A sheet already stained through with blood.

Lucian rises when he sees me, hands outstretched like he means to stop me.

“It’s not Seraphina, Killian.”

I don’t care. I’ll plow through him, tear the world apart if I have to. I need to see.

“Move.” My voice is a growl, feral.

Lucian doesn’t fight me when I shove past him. My knees hit the concrete hard as I grip the edge of the sheet. My hands shake when I pull it back.

The sight beneath rips me apart.

It’s not Seraphina.

It’s Sylvia.

The decoy. The Companion we used to give Sera a night of peace at her niece’s birthday. The blonde hair on those silver platters. The word LIAR sprayed in blood. They’d figured it out. Turned the game back on us.

Her face is nearly unrecognizable. Bruises, cuts, split lips. Her nails torn to the beds, jagged and broken like she clawed across the ground, fighting for her life. Her shirt rides up, showing a stomach carved open by stab after stab after stab.

Too many to count.

Like they kept going long after she was gone.

There’s a blood trail from the back of a car across the concrete. She made it as far as the driver’s side door before she collapsed. Before she couldn’t crawl any farther.

My vision blurs red.

This has Cormac written all over it. His brand. His cruelty. Just like our father—he doesn’t flinch using innocents to wage his wars. Collateral damage isn’t collateral to him. It’s the point.
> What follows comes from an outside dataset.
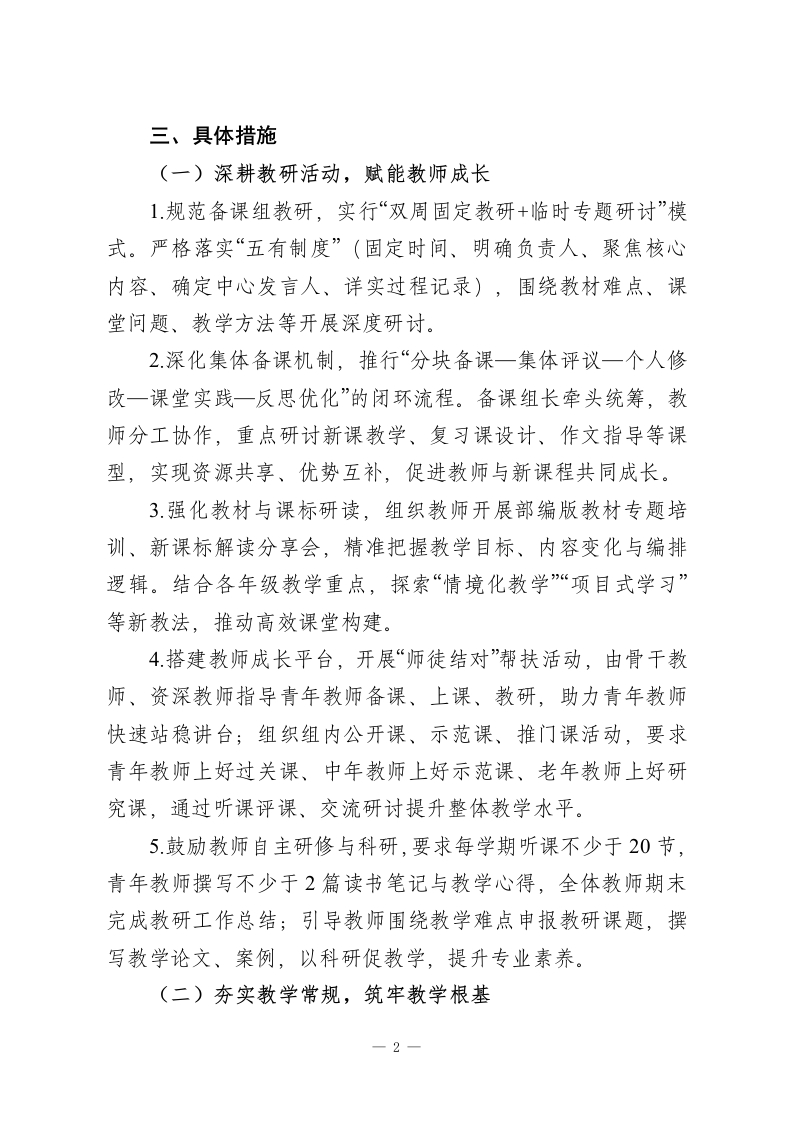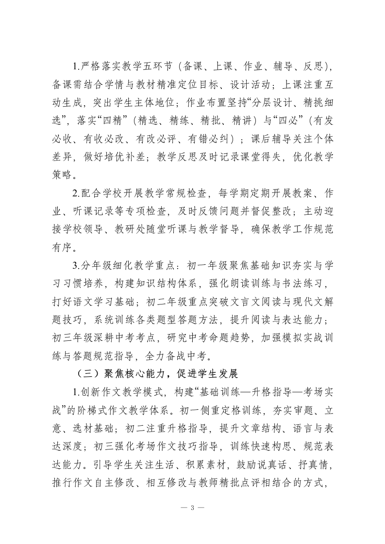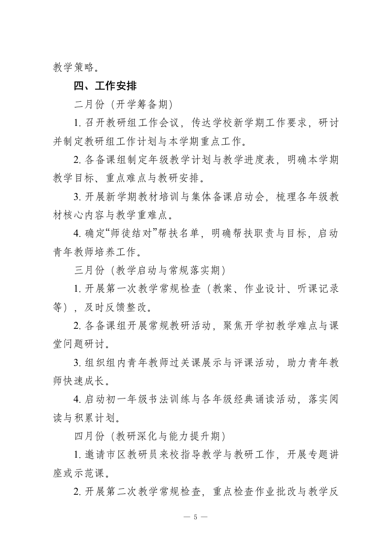 2026年春季第二学期初中语文教研组工作计划一、指导思想本学年第二学期,初中语文教研组将全面贯彻党的教育方针,紧扣学校教研处整体工作部署,以新版《语文课程标准》为根本遵循,深耕部编版教材内涵。聚焦学生语文核心素养培育,强化听说读写综合能力训练与迁移应用,注重学法指导与思维提升。秉持“以生为本、教研赋能、共同成长”的理念,着力打造高效课堂,夯实教学常规,创新教研形式,切实提升语文教学质量,助力学生在语言建构、思维发展、审美鉴赏与文化传承方面实现全面进步。二、工作目标1.深化教材研究与课堂改革,探索符合初中各年级学情的教学模式,推动语文课堂教学效率与质量双提升。2.健全教研机制,丰富教研活动形式,促进组内教师专业成长,打造一支团结协作、业务精湛、勇于创新的语文教师队伍。3.强化学生语文基础,培养良好学习习惯,提升阅读与写作核心能力,稳步提高学生语文综合素养与学业成绩。4.规范教学常规管理,完善评价体系,推进培优补差工作落地见效,实现各年级学生均衡发展。5.打造特色教研品牌,积累优质教学资源与教研成果,为学校语文教育教学持续发展提供有力支撑。1

And I know without a single doubt in my mind—he’s planning on making Seraphina the next body I find.

Sylvia’s hand looks wrong.

I don’t notice it at first, not until I lean closer and see how tightly her fingers are curled, rigid even in death. Something has been forced there, shoved between them. I ease it free, the paper crinkling in my blood-slick gloves as I unroll it.

Two words stare back at me, written in thick black ink.

Time’s up.

The same words that had been painted across the atrium wall yesterday.

The sound of the garage door crashing open behind me makes me whip my head around. Jaxon bursts in, his laptop already open, his face pale with sweat.

“We’ve got two problems,” he announces, voice carrying over the heavy silence of the parking deck.

I push to my feet, the note still clutched in my fist, and shove it at Lucian. “And another message,” I grind out, the words thick with rage.

Lucian takes it, his eyes scanning quickly before his jaw locks hard enough I hear the faint crack of his teeth.

Jaxon doesn’t pause. He strides to the nearest car and slams the laptop down on its hood, the glow of the screen washing his face in cold light. “Seraphina’s apartment has gone dark again. And—” his voice falters, just for a breath, “—there’s already a 911 call about an explosion.”